## To do
Make an exact copy of the listing below. Pictures stay out of it.

## Provided data

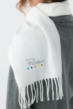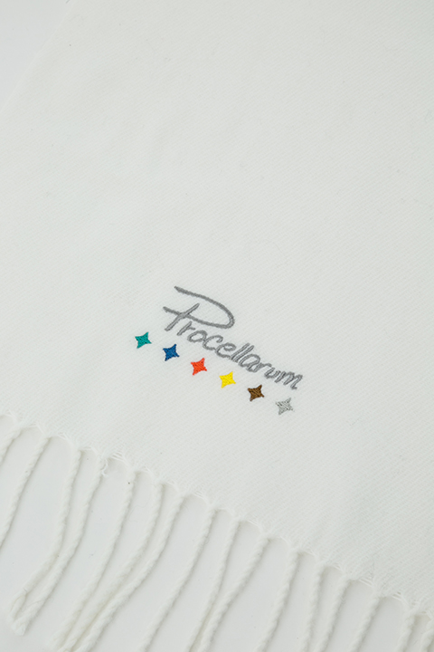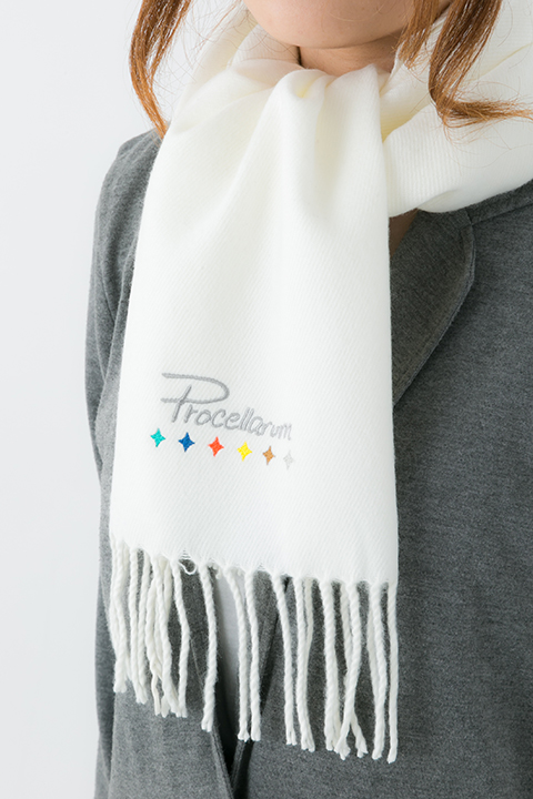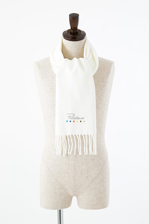 水無月 涙、文月 海、葉月 陽、長月 夜、神無月 郁、霜月 隼で構成されるProcellarumをイメージした白ベースのマフラーには、ユニットメンバーたちのイメージカラーの煌めきをデザイン。
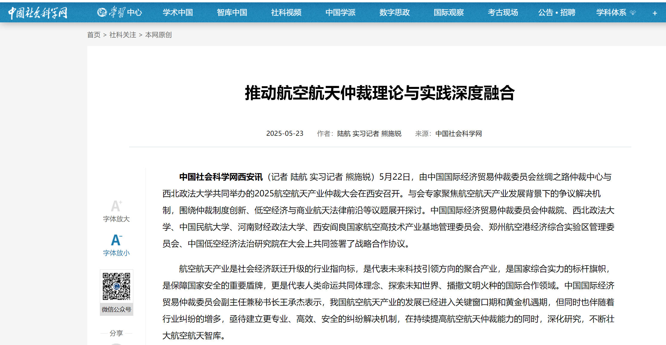 【中国社会科学网】推动航空航天仲裁理论与实践深度融合 https://www.cssn.cn/skgz/bwyc/202505/t20250523_5875395.shtml
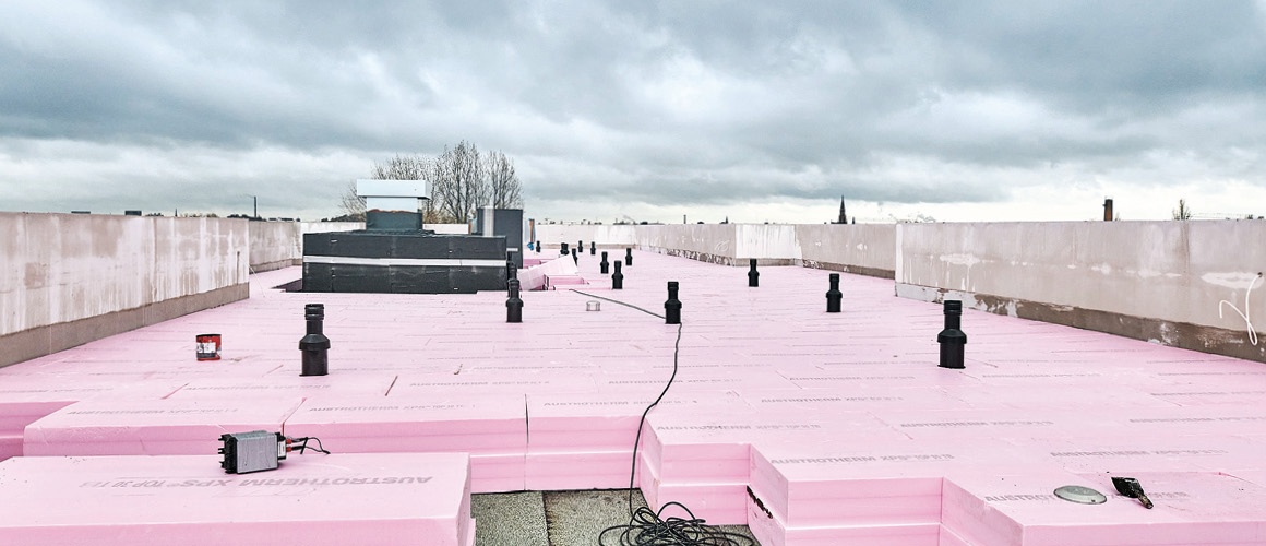 Das energieeffiziente Apartmenthaus wurde nach dem KfW-Standard „Effizienzhaus 40 Plus“ errichtet und übertrifft die Vorgaben deutlich. Auf dem Umkehrdach sorgt eine 20 cm starke Austrotherm XPS®-Dämmung für optimale Wärmedämmung und dauerhafte Sicherheit. So erreicht das Gebäude einen energetischen Wert, der rund 35 % unter dem geforderten Grenzwert liegt.

## Exercise response
 水無月 涙、文月 海、葉月 陽、長月 夜、神無月 郁、霜月 隼で構成されるProcellarumをイメージした白ベースのマフラーには、ユニットメンバーたちのイメージカラーの煌めきをデザイン。
 【中国社会科学网】推动航空航天仲裁理论与实践深度融合 https://www.cssn.cn/skgz/bwyc/202505/t20250523_5875395.shtml
 Das energieeffiziente Apartmenthaus wurde nach dem KfW-Standard „Effizienzhaus 40 Plus“ errichtet und übertrifft die Vorgaben deutlich. Auf dem Umkehrdach sorgt eine 20 cm starke Austrotherm XPS®-Dämmung für optimale Wärmedämmung und dauerhafte Sicherheit. So erreicht das Gebäude einen energetischen Wert, der rund 35 % unter dem geforderten Grenzwert liegt.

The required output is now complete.